How: For the quantitative features (beside est_amount), we used helper functions to strip respective parts of the date string. For 'ticker', we used one hot encoding to encode categorical values to numerical values. For est_amount, we converted it to z-score based on owner type. 

Why: For 'ticker', the buy or sell can depend on the performance of a specific stock. For 'owner', buy or sell can depend on the type of stock ownership since there could be different trading behaviors for different groups, such as joint owners buying more than selling. For example, when a company has a risk of being delisted, there is a higher proportion of individuals selling than buying that stock.

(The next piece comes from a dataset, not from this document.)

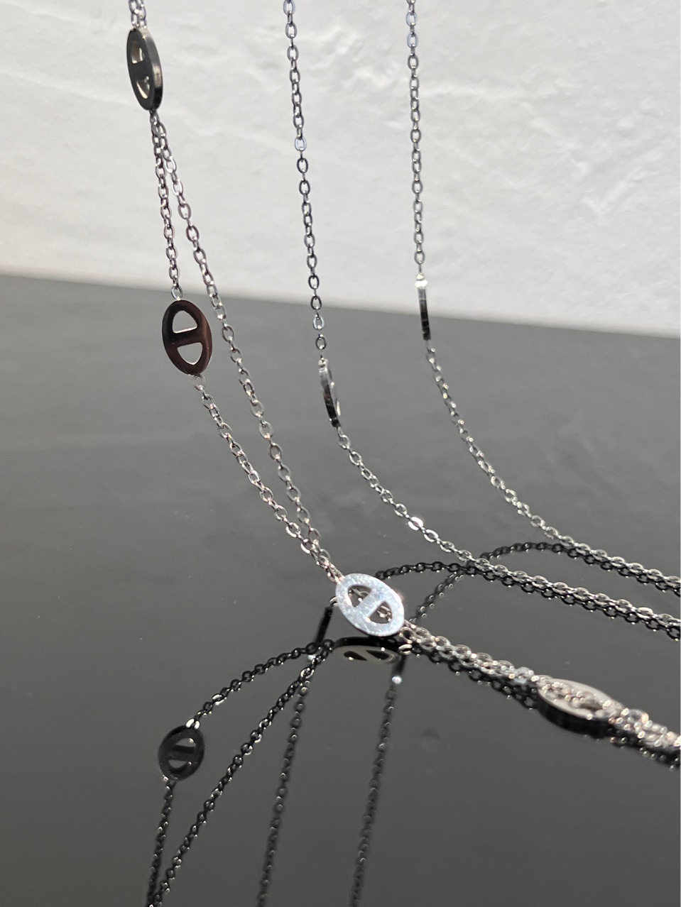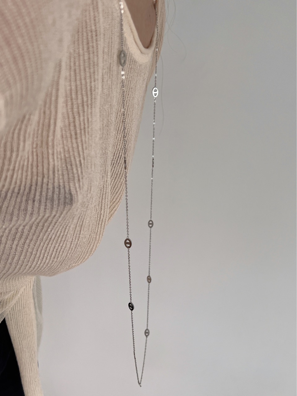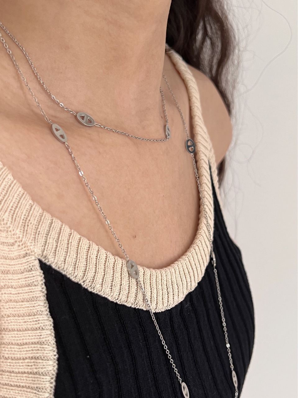首飾散發獨特沉穩的復古魅力,采用精緻鈦鋼材質打造,質感細膩動人。簡潔流暢的豬鼻子設計,別具個性。長長的鏈條設計,方便搭配搭配多款服飾呈現不同風格。金銀兩款任您挑選,盡顯時尚品味。

For quantitative columns (beside est_amount), buy or sell depends on disclosure date since congress members would likely disclose their buys and sales on separate dates. Therefore, we added disclosure dates in addition to transaction date. For est_amount, buy or sell depends on the amount sold due to individuals being more likely to have larger panic sales than panic buys.

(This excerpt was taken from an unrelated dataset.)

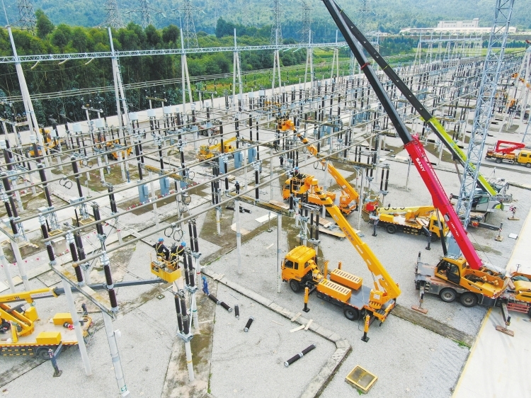 工作人員對(duì)220千伏草鋪?zhàn)冸娬倦[患母線進(jìn)行更換。 盧顯侖 攝

Generalization Ability: We improved the final model's F1-Score from 0.5252973381159146 to 0.7525264394829612, or about a 23 percent increase. With an F1-Score of 0.7525264394829612, the final model's ability to generalize on unseen data is a lot better than the baseline model. 

### Fairness Analysis

Null Hypothesis: Our model is fair. Its F1-Score for Republicans and Democrats are roughly the same, and differences would be due to random chance.

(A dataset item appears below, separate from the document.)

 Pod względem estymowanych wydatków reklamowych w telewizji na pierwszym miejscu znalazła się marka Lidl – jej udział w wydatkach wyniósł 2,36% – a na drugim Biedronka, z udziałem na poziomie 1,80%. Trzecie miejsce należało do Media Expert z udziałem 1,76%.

Alternative Hypothesis: Our model is unfair. Its F1-Score for Republicans and Democrats are significantly different.

alpha = 0.05

p-value: 0.0

Conclusion: We observed a p-value of 0.0, which is less than our alpha of 0.05. Therefore, we have enough evidence to reject our null hypothesis. Therefore, our model is unfairly predicting more accurately for Republicans.

## Code

In [1]:
import matplotlib.pyplot as plt
import numpy as np
import os
import pandas as pd
import seaborn as sns
%config InlineBackend.figure_format = 'retina'  # Higher resolution figures

In [51]:
from sklearn.linear_model import LinearRegression
from sklearn.preprocessing import FunctionTransformer
from sklearn.preprocessing import OneHotEncoder
from sklearn.preprocessing import OrdinalEncoder
from sklearn.preprocessing import StandardScaler
from sklearn.pipeline import Pipeline
from sklearn.compose import ColumnTransformer
from sklearn.metrics import f1_score

In [50]:
from sklearn.tree import DecisionTreeClassifier
from sklearn.neighbors import KNeighborsClassifier
from sklearn.ensemble import RandomForestClassifier
from sklearn.model_selection import GridSearchCV
from sklearn.model_selection import train_test_split

### Baseline Model

Read in cleaned stock transaction file that we combined with party affiliation from project 3

In [4]:
df = pd.read_csv('transactions_w_party.csv')

In [5]:
# Dropped the index column
df = df.drop(['index'], axis = 1)
# Dropped the three Libertarian Party member's rows to simplify our model
df = df[df['Party']!='Libertarian']
# Dropped NaN owner values
df['owner'] = df['owner'].fillna('missing')

Simplified the four exchange categories, 'purchase', 'sale_partial, 'sale_full', 'exchange' to just buy and sell

In [6]:
# We dropped exchange
df = df[df['type']!='exchange']
df['type'] = df['type'].replace({'purchase': 'buy', 'sale_partial': 'sell', 'sale_full': 'sell'})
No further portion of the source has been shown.